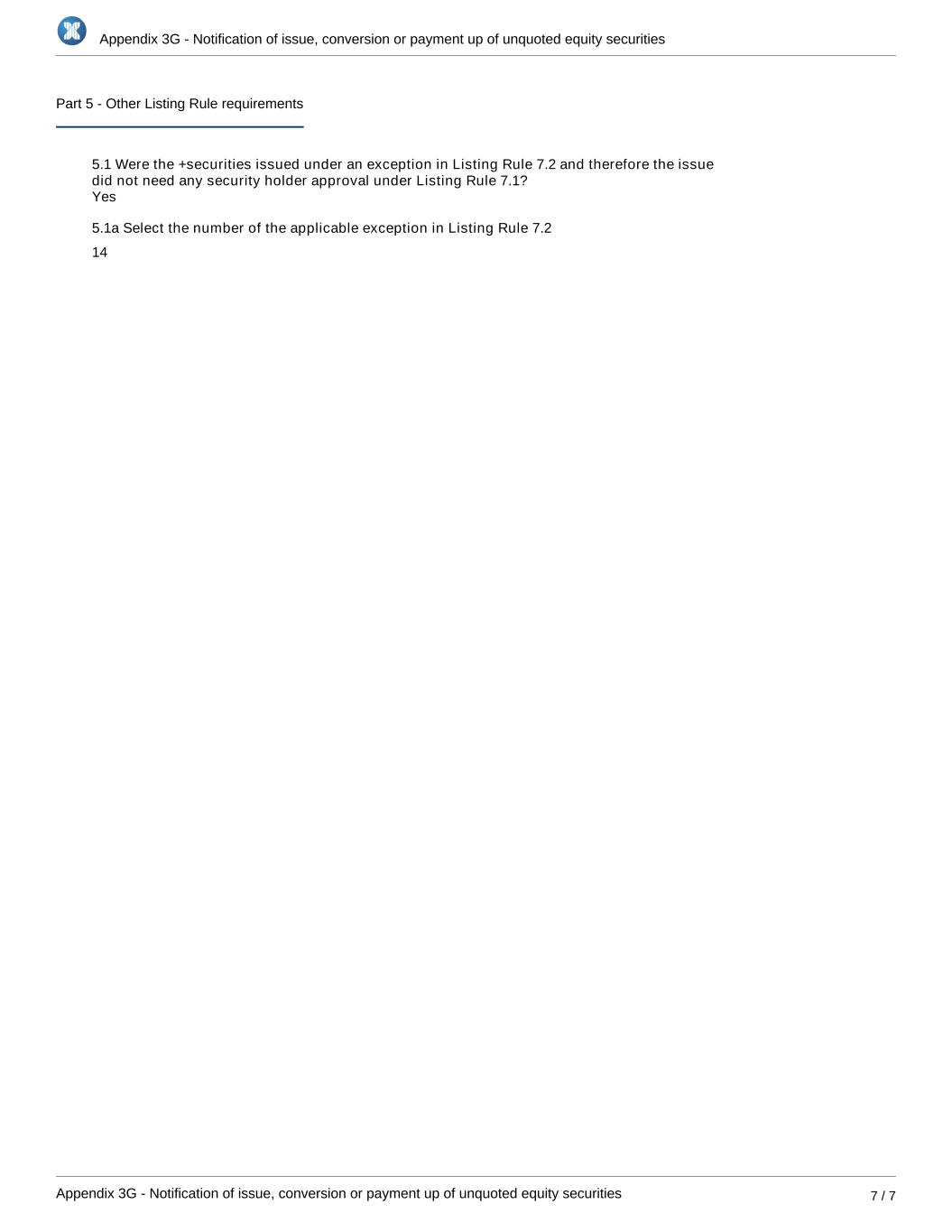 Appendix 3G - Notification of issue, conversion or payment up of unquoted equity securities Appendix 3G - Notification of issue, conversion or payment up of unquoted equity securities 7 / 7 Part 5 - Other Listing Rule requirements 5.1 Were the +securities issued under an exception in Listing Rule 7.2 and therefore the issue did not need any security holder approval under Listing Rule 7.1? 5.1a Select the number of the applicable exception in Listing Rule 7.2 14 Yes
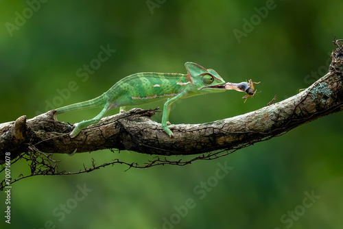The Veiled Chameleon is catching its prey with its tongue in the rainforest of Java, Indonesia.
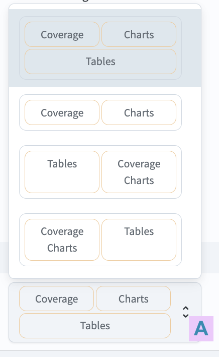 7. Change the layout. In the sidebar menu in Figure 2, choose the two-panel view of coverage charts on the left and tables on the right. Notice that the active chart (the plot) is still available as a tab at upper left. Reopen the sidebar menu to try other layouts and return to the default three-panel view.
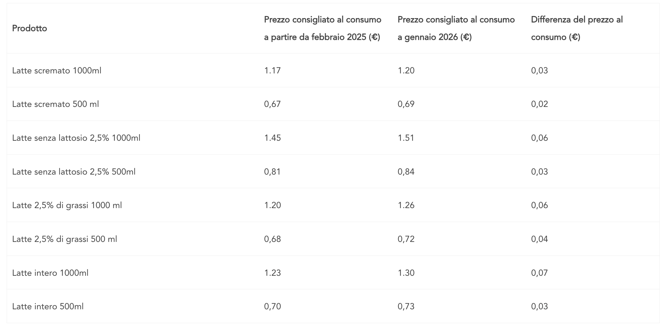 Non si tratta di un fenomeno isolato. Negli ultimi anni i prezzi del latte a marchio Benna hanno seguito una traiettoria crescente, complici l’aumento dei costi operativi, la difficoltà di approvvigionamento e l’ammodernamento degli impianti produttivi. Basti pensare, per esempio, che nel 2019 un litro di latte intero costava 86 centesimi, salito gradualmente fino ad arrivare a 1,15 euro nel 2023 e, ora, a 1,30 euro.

※

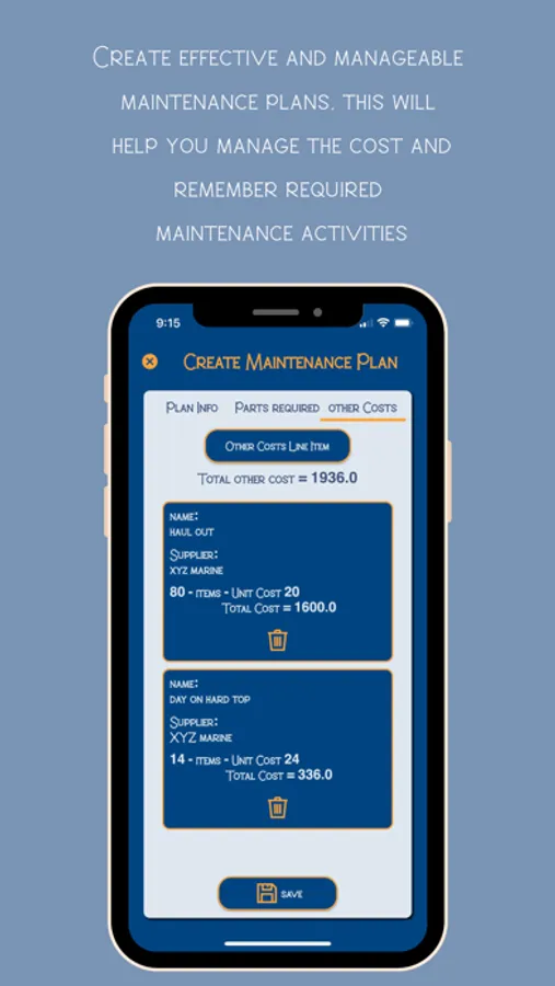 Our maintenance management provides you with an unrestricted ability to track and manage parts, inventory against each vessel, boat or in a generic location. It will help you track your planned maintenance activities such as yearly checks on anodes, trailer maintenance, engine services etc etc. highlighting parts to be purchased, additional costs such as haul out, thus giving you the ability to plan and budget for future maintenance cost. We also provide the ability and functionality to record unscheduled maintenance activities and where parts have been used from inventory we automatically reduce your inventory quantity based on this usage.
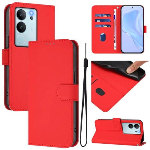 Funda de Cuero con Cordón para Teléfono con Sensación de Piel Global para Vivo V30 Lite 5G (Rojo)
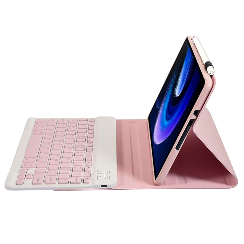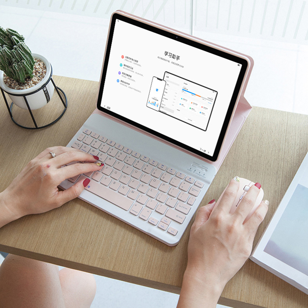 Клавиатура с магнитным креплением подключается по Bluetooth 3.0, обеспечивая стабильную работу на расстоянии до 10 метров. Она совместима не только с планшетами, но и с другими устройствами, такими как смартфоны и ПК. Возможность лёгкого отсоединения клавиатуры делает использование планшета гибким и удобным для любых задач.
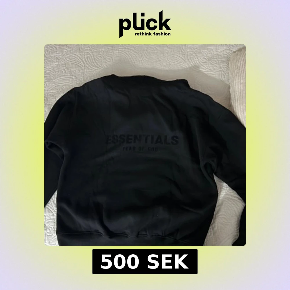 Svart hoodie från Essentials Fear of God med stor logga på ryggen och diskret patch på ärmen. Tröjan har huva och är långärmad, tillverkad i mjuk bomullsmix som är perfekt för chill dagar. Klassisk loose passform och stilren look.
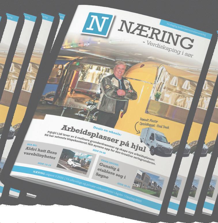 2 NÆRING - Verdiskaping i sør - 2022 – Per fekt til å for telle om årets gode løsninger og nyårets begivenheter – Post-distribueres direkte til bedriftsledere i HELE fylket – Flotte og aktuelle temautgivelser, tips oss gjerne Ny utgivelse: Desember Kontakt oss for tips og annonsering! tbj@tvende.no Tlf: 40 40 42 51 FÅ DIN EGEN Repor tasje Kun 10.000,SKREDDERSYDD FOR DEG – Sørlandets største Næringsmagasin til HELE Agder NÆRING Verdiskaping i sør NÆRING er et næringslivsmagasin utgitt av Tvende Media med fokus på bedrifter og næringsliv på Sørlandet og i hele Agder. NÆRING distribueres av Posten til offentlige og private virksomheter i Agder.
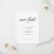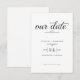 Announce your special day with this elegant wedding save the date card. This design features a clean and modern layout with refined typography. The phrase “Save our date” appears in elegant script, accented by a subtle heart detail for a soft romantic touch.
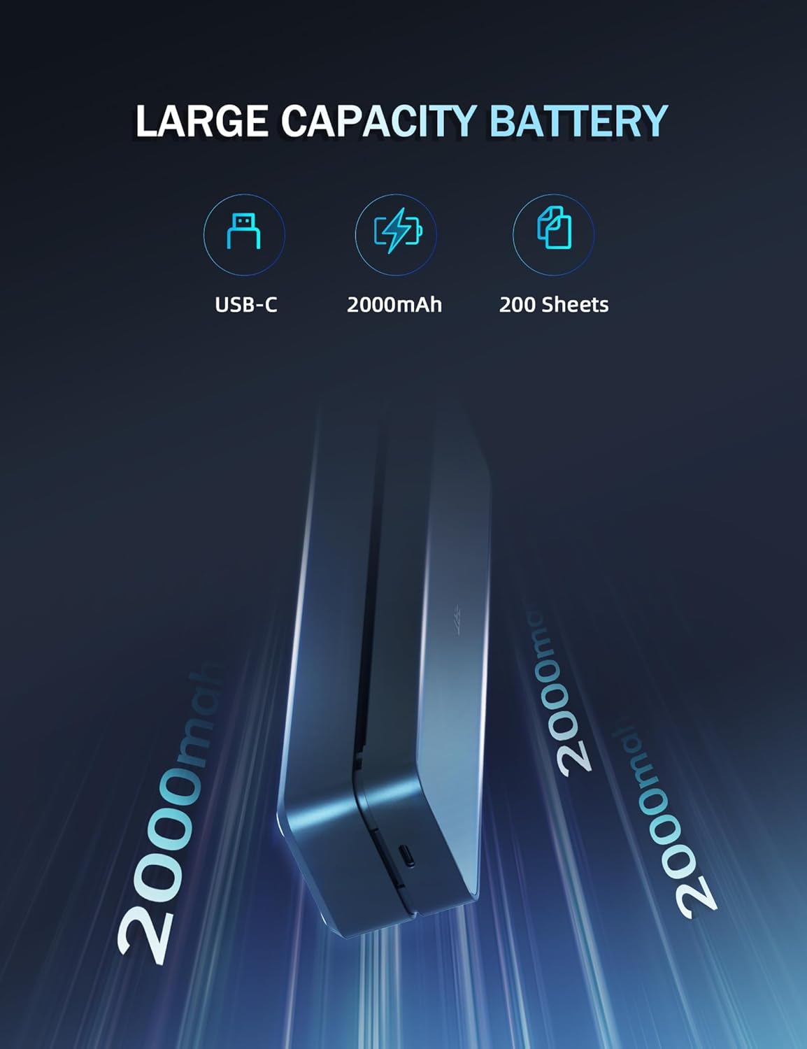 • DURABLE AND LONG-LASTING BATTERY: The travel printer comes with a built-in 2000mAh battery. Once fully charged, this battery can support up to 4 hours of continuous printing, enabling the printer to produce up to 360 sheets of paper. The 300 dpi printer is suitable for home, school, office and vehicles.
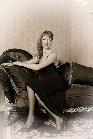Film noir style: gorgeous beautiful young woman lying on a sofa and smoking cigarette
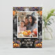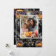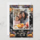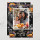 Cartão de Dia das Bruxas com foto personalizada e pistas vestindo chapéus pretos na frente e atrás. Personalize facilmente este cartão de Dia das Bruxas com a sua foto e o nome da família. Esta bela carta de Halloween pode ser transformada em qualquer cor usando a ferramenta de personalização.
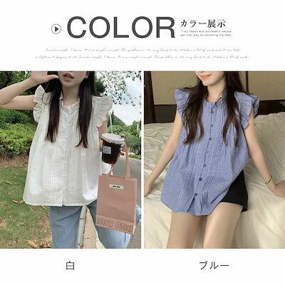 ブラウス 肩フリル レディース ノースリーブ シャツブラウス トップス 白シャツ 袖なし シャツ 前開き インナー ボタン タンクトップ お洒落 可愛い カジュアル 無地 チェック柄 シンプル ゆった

※

**The task**
Within the listing above, write out the stretch from the line with "The Veiled Chameleon" through the line with "7. Change the" exactly. Any pictures are to be left out.

**Exercise response**
The Veiled Chameleon is catching its prey with its tongue in the rainforest of Java, Indonesia.
 7. Change the layout. In the sidebar menu in Figure 2, choose the two-panel view of coverage charts on the left and tables on the right. Notice that the active chart (the plot) is still available as a tab at upper left. Reopen the sidebar menu to try other layouts and return to the default three-panel view.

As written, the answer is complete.